Items from a dataset:
◆ ◆ ◆

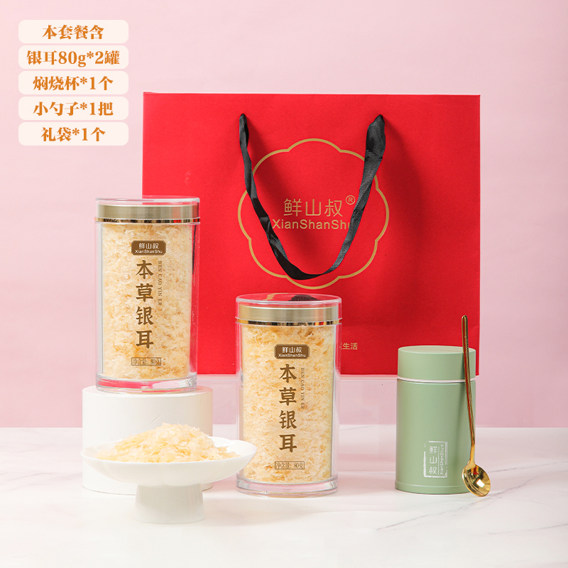 鲜山叔 (精选)本草银耳80g*2罐【送焖烧杯+小勺子+礼袋】
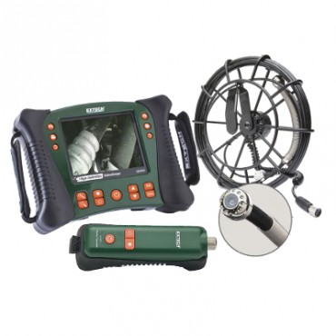 Includes flexible, fiberglass core, 10m waterproof camera probe (spool assembly)
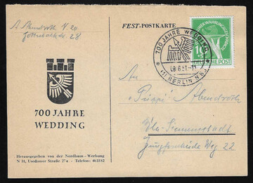 10 Pfg. Währungsgeschädigte als Einzelfrankatur auf portoger. Ortskarte aus Berlin, Mi. 470,-
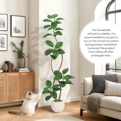 6FT Fiddle Leaf Fig Tree Artificial with 108 Leaves - Realistic Faux Ficus Lyrata Trees in 9" White Planter Pot, Indoor Fake Floor Plants, Gift
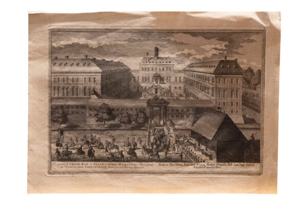 Jagdschloss Kaiserebersdorf, Kupferstich G.D.Heumann nach Salomon Kleiner um 1750, 28 x 38,5 cm.
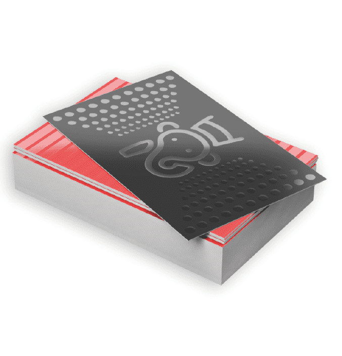 High-end business cards are made from uncoated 32pt cardboard with painted edges for a unique effect.
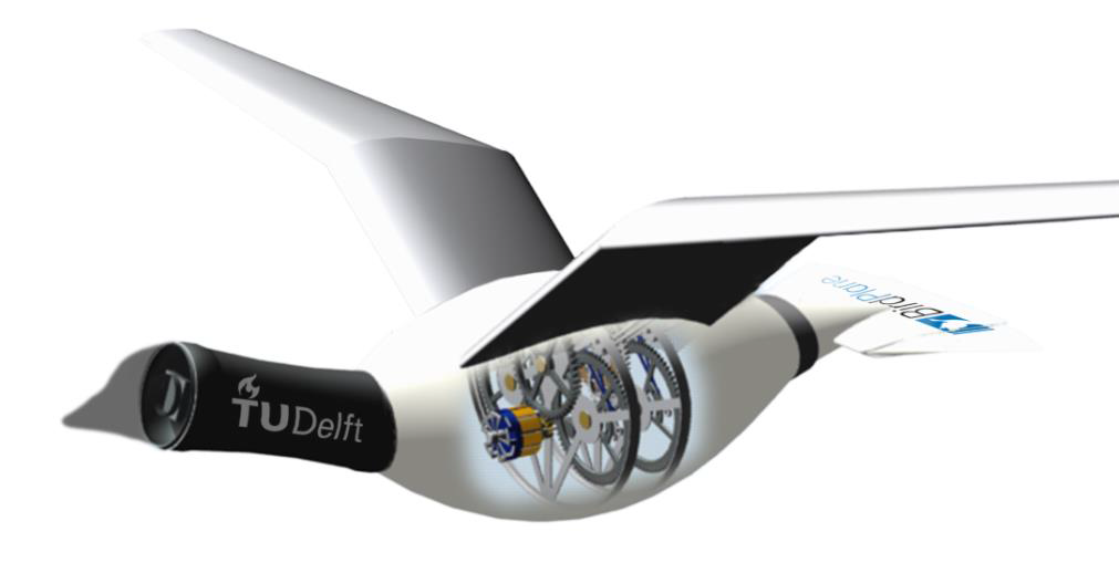 Ontwerp een drone, geïnspireerd op ganzen. Dat was heel kort de opdracht van tien studenten luchtvaart- en ruimtevaarttechniek voor hun bachelor-eindproject. De drone moest onderzoek kunnen doen naar de aerodynamica van zijn levende broeders. Dus moest hij met ze kunnen meevliegen, zonder op te vallen. Eén van de studenten, Julia van der Burgt, moest denken aan Leonardo da Vinci. “Hij probeerde ook te vliegen als een vogel. Nu vliegen we al honderd jaar met statische vleugels en daaraan is niet meer zo veel te optimaliseren. Met nieuwe technieken en materialen lukt het nu misschien wel om met vleugels te klapperen.” De studenten lieten zich inspireren door de Brandgans, die in Van der Burgts woorden ‘duizenden kilometers kan vliegen op een paar grassprietjes’. Om de complexe vleugelbeweging na te maken, moesten de studenten met veel rekening houden: mechanica, elektronica, aerodynamica, energiebronnen, efficiëntie, sensoren. Hun ontwerp heet Birdplane. De studenten kregen er een 8,5 voor. De ganzendrone, met een spanwijdte van anderhalve meter, kan autonoom meevliegen met echte ganzen. Op papier dan. Een enthousiaste investeerder heeft het project vijfduizend euro gegeven om een prototype te bouwen.
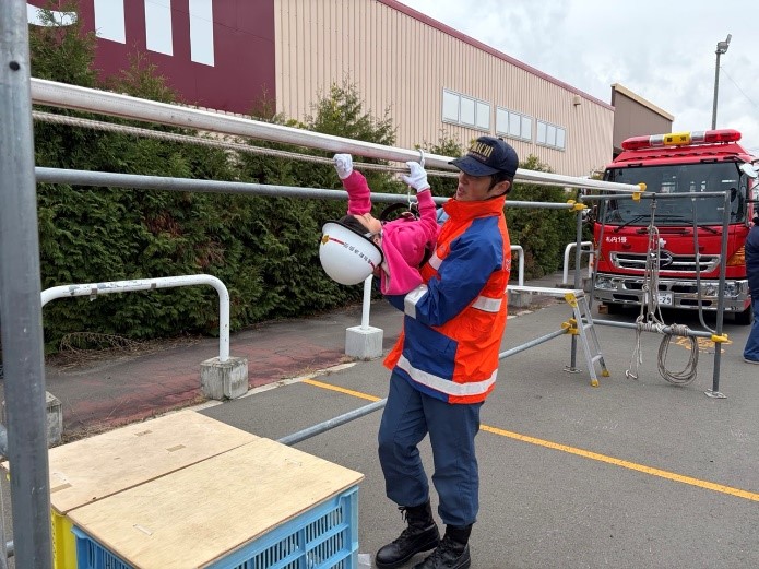 当日は肌寒い気温でしたが、たくさんの子供たちに参加していただき、元気と笑顔にふれあうことができました。イベントでは、子供のロープ渡り体験や消防車乗車体験のほか、住宅用火災警報器に関する広報活動なども行い、大人の方にも多くの関心をもっていただくことができました。また、ダイイチ札内店様のご厚意により、子供たちに景品が配られとても喜んでいただけました。
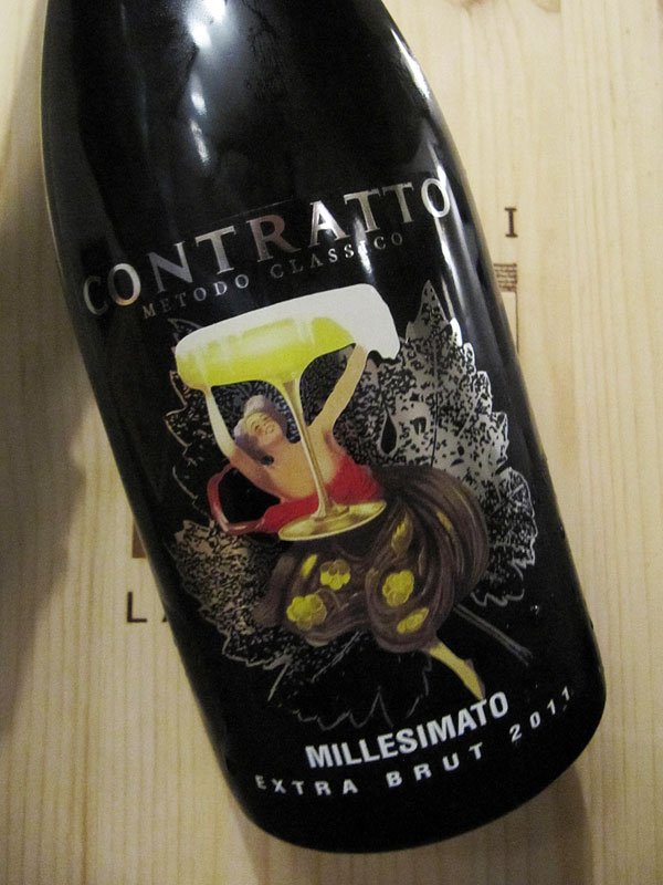 Contratto, Spumante Extra Brut Metodo Classico, 2010 (foto 3)Klasickou metodou kvašení na lahvi udělané cuvée z 80 % Pinotu Noir a 20 % Chardonnay strávilo na kvasinkách 36 měsíců. Ve vůni je elegantní, intenzívní, plné a vyvážené, ovocné (citrusy, žluté plody), s citelnou minerální slaností a dotekem medu, lehce oxidativní, s podtónem sudu. Chuť dokonale navazuje. Víno má pevnou a přesnou strukturu, je úžasně šťavnaté a harmonické, v těle plnější, má mírně ostřejší perlení a dlouhou perzistenci. Dá se říct, že je aktuálně na vrcholu. Výborné víno, které by si člověk naslepo mohl splést se Champagne.
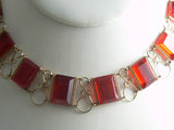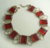 The necklace measures 15 1/2" in length. Red Lucite rectangles measure 5/8" by 1/2" or 16mm by 12mm.Very good vintage condition with some scratching to one of the rectangles. This is only visible in bright light and gives it a slightly wavy look.
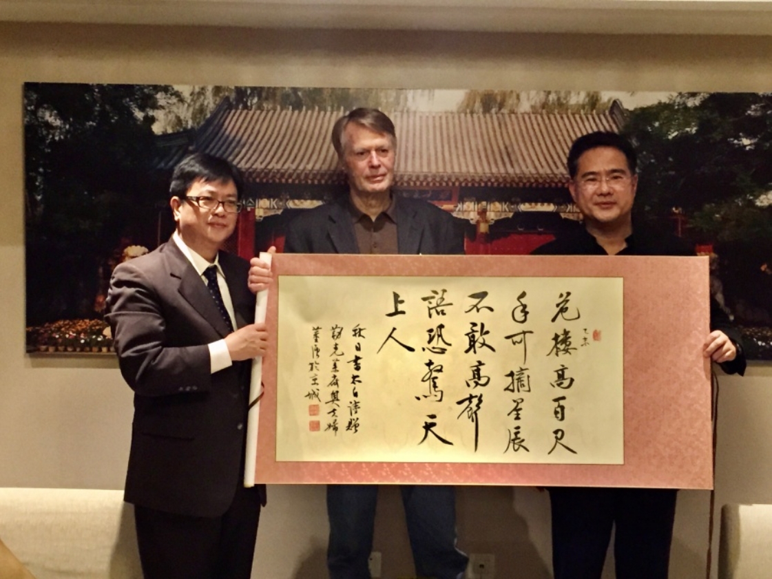 2015年10月,时任副校长李岩松代表北大将董强书写的李白诗赠送给来访的勒克莱齐奥
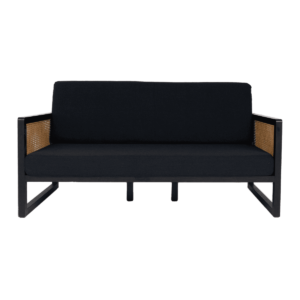Rattan Sofa Lounge – Black With Natural Cushions
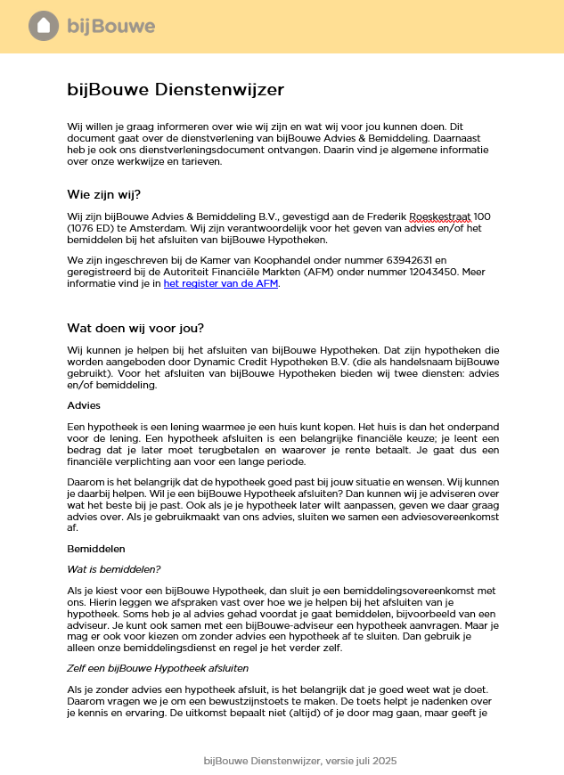 Heb je een vraag of mis je iets? Stuur ons gerust een bericht via marketing@bijbouwe.nl.
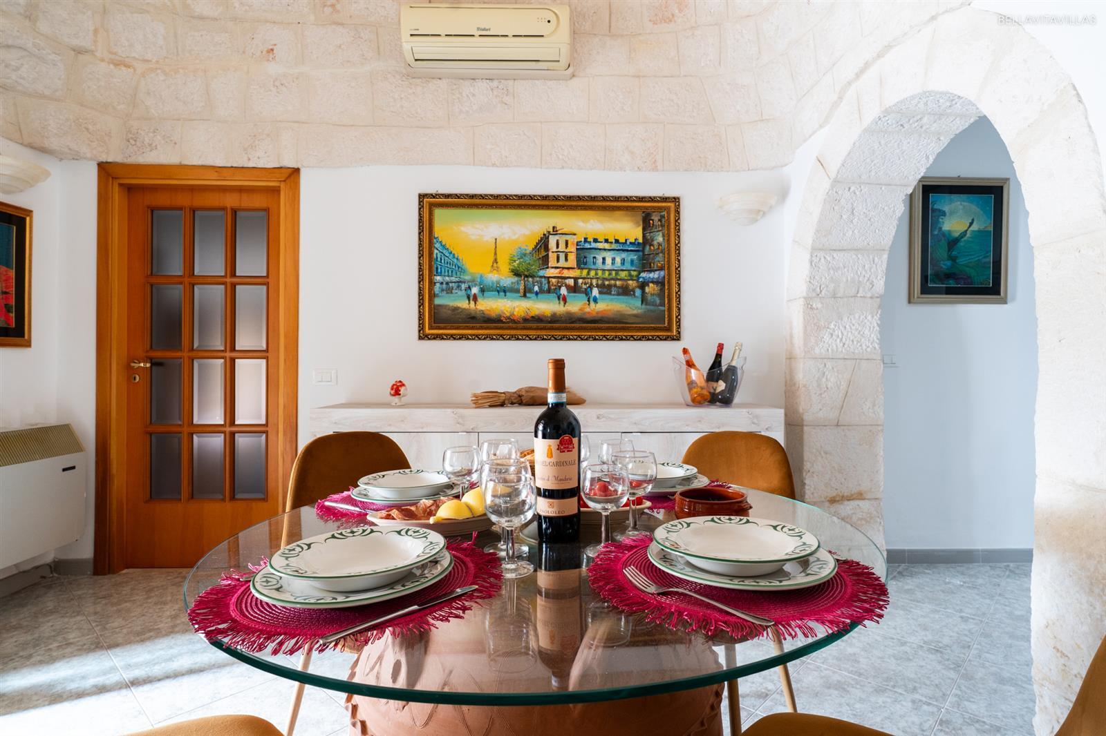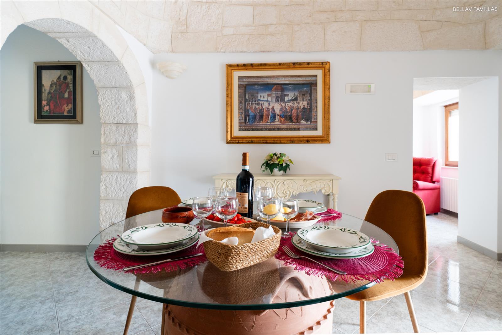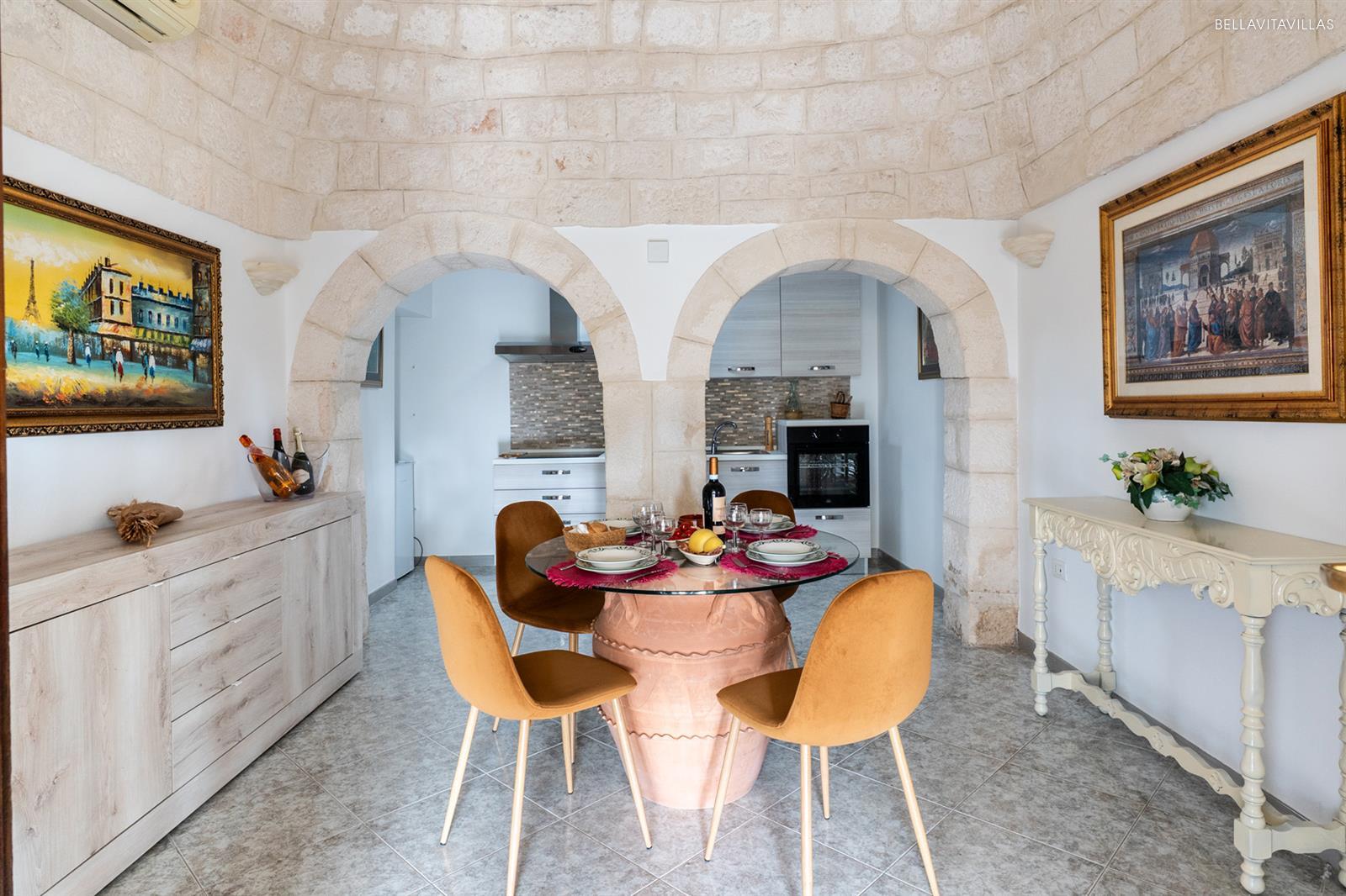 The first cone of the trulli is a beautiful living room with table and chairs for dining. Beyond two pretty stone arches is the well-equipped openkitchenette .

◆ ◆ ◆

== Work item ==
Beginning with the first line of the entries above, repeat each line word for word until the line with "10 Pfg. Währungsgeschädigte" has been given too. Omit the pictures.

== Problem solution ==
 鲜山叔 (精选)本草银耳80g*2罐【送焖烧杯+小勺子+礼袋】
 Includes flexible, fiberglass core, 10m waterproof camera probe (spool assembly)
 10 Pfg. Währungsgeschädigte als Einzelfrankatur auf portoger. Ortskarte aus Berlin, Mi. 470,-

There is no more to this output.